> [Work instructions] After locating the line with "グループホームでは秋のお彼岸の時期にあわせて、おはぎを作りました。" in the entries below, output it and each following line up to and including the line with "Στις 12.12 μ.μ.", exactly and without pictures.

> [Dataset records]
+---+
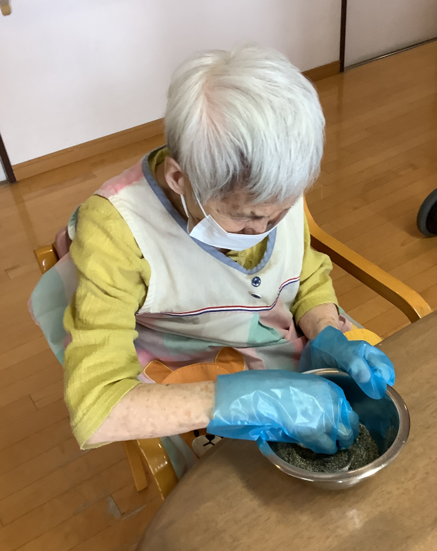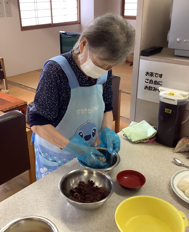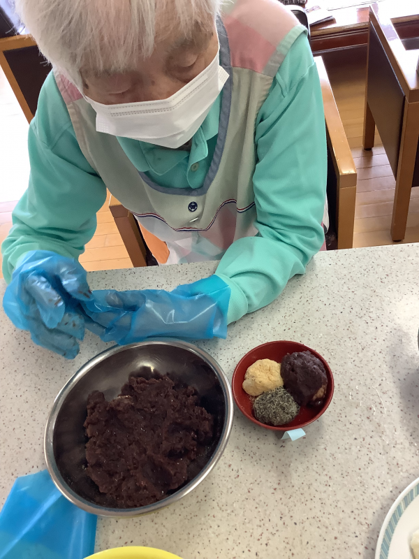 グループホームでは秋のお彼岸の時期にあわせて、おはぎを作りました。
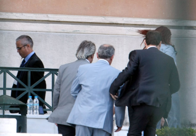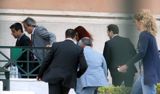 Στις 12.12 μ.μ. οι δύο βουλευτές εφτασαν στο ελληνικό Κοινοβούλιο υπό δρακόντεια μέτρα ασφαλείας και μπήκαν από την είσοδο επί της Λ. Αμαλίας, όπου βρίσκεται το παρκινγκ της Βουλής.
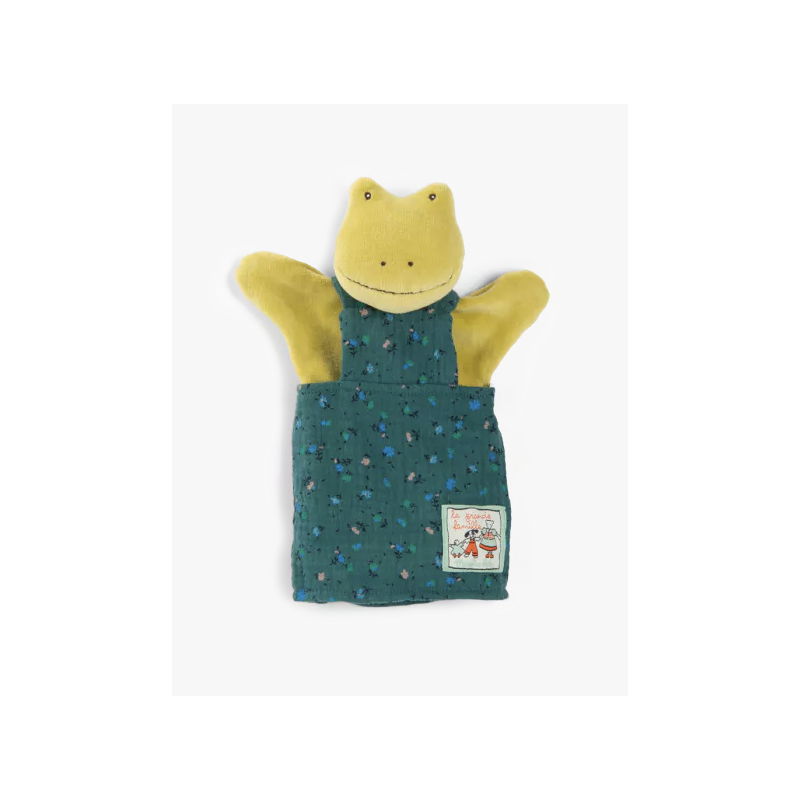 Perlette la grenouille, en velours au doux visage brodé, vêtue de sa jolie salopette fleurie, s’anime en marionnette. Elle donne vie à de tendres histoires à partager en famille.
+---+
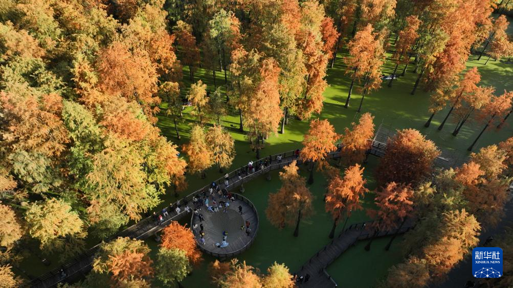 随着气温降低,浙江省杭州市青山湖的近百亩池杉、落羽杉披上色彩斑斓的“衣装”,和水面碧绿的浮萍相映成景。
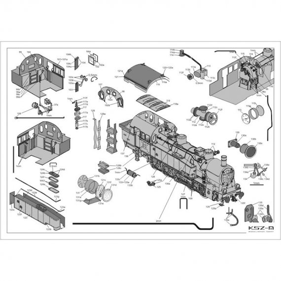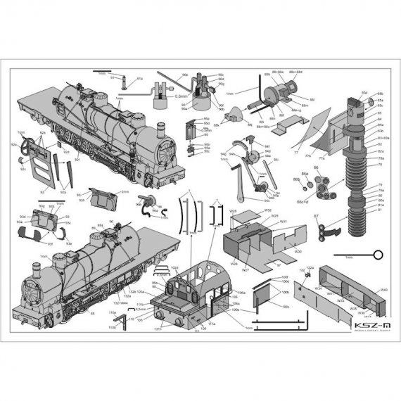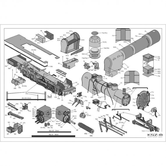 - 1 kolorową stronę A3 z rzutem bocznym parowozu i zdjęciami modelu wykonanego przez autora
+---+
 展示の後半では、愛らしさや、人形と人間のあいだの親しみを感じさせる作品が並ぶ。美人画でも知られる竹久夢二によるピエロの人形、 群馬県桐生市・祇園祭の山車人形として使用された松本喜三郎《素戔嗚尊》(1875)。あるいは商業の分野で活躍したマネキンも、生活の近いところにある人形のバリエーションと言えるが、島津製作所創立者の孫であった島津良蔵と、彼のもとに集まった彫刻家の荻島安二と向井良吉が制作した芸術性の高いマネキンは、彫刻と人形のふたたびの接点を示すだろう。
+---+
> [Output below]
 グループホームでは秋のお彼岸の時期にあわせて、おはぎを作りました。
 Στις 12.12 μ.μ. οι δύο βουλευτές εφτασαν στο ελληνικό Κοινοβούλιο υπό δρακόντεια μέτρα ασφαλείας και μπήκαν από την είσοδο επί της Λ. Αμαλίας, όπου βρίσκεται το παρκινγκ της Βουλής.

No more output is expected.